If a vendor wanted to add a new “word” in their CPRI “language” to add a new feature, they just went ahead and added it – It didn’t require anyone else to agree with them or changes to a common standard used by the industry, vendors could talk to the kit they made how they wanted.

CPRI has been the defacto non-standard used by all the big kit vendors for the past ~10 years.

The Death of OBSAI & the Birth of OpenRAN’s eCPRI

Why haven’t you heard of OBSAI? Why didn’t the OBSAI standard just serve as the basis for eCPRI – After all the last OBSAI release was less than 5 years before TIP started working on eCPRI publicly.

Is no more. It has ceased to be.

Did a schism over “uplink performance improvement” options lead to “irreconcilable differences” between parties leading to the breakup of the OBSAI group?

Nope.

Customers (MNOs) didn’t buy OBSAI based equipment in measurably larger quantities than CPRI kit. That’s it.

This meant the vendors invested less in paying teams to further develop the standards, the OBSAI group met less frequently, and in the end, member vendors didn’t bother adding support for OBSAI to new equipment and just used the easier and more flexible CPRI option instead.

At some point someone just stopped paying for the domain renewal and that was it, OBSAI was no more.

This is how the standards body ends, not with a bang, but with a whimper.

T.S. Elliot’s writings on the death of obsai

Those who do not learn from history…

The goals of the OBSAI Group and OpenRAN working groups are almost identical, so what lessons did Marconi, Motorola and Alcatel learn as members of OBSAI that other vendors could learn about OpenRAN strategy?

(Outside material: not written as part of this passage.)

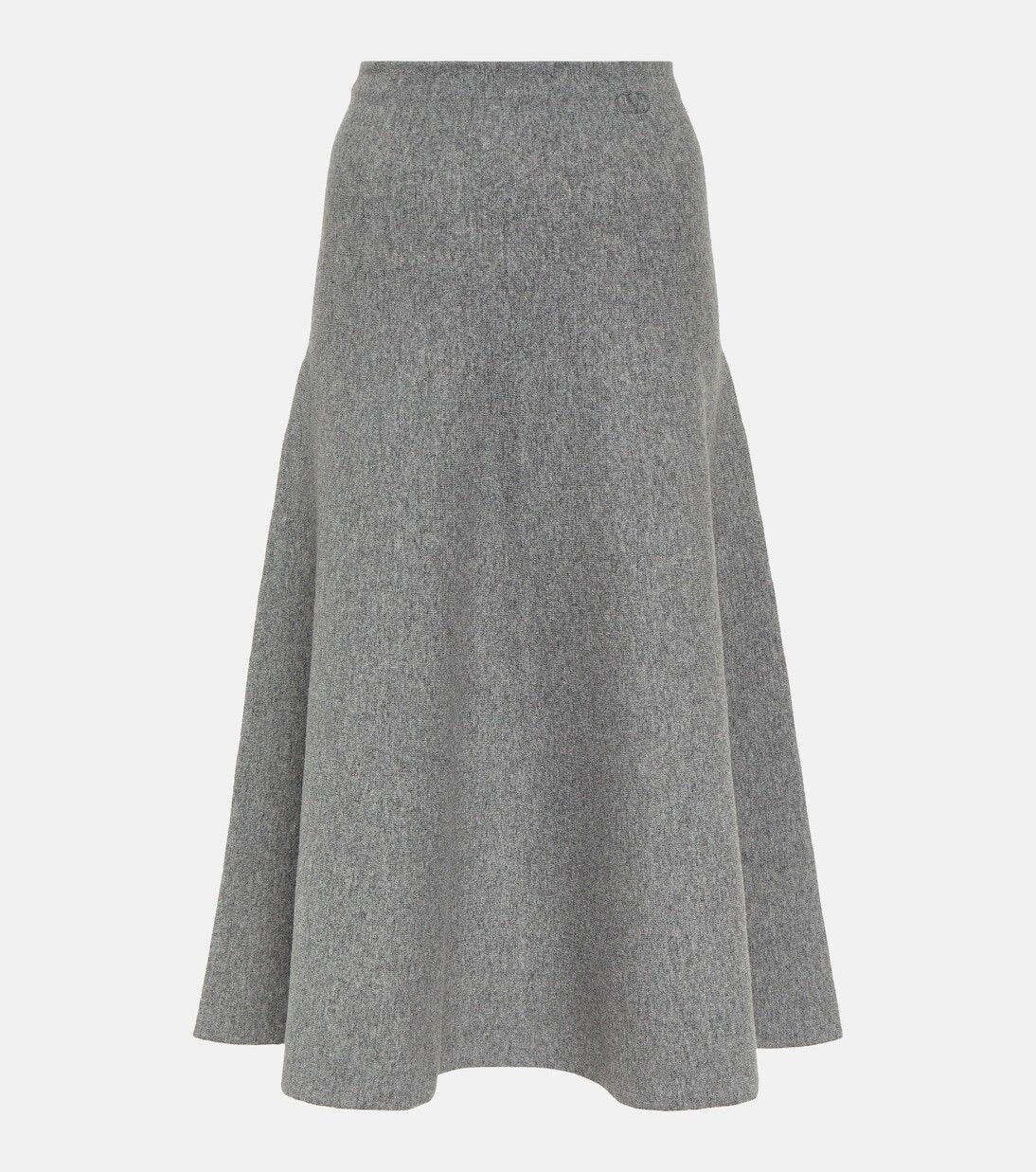 Юбка миди с высокой посадкой из смесовой шерсти Valentino, серый

There are no mentions of OBSAI in any of the information published by OpenRAN advocates, and I’m wondering if folks aren’t aware that history tends to repeat and are ignorant to what came before it, or they’re just not learning lessons from the past?

So what can the OpenRAN industry learn from OBSAI?

Being a nerd, I started detailing the technical challenges, but that’s all window dressing; The biggest hurdle facing CPRI vs eCPRI are the same challenges OBSAI vs CPRI faced a decade prior:

To be relevant, OpenRAN kit has to be demonstrably better than what we have today AND provide a tangible cost saving.

OBSAI failed at achieving this, and so failed to meet it’s other more noble goals.

[At the time of writing this at least] I’d contend that neither of those two criteria have been met by OpenRAN.

What does the future hold for OpenRAN?

Looking into the crystal ball, will OpenRAN and eCPRI go the way of OBSAI, or will someone keep the OpenRAN dream alive?

Today, we’re still seeing the MNOs continue to provide tokenistic investment in OpenRAN. But being a cynic, I’d say the MNOs are feigning interest in OpenRAN products because it’s advantageous for them to do so.

The threat of OpenRAN has proven to be a great stick to beat the traditional vendors with to force them to lower their prices.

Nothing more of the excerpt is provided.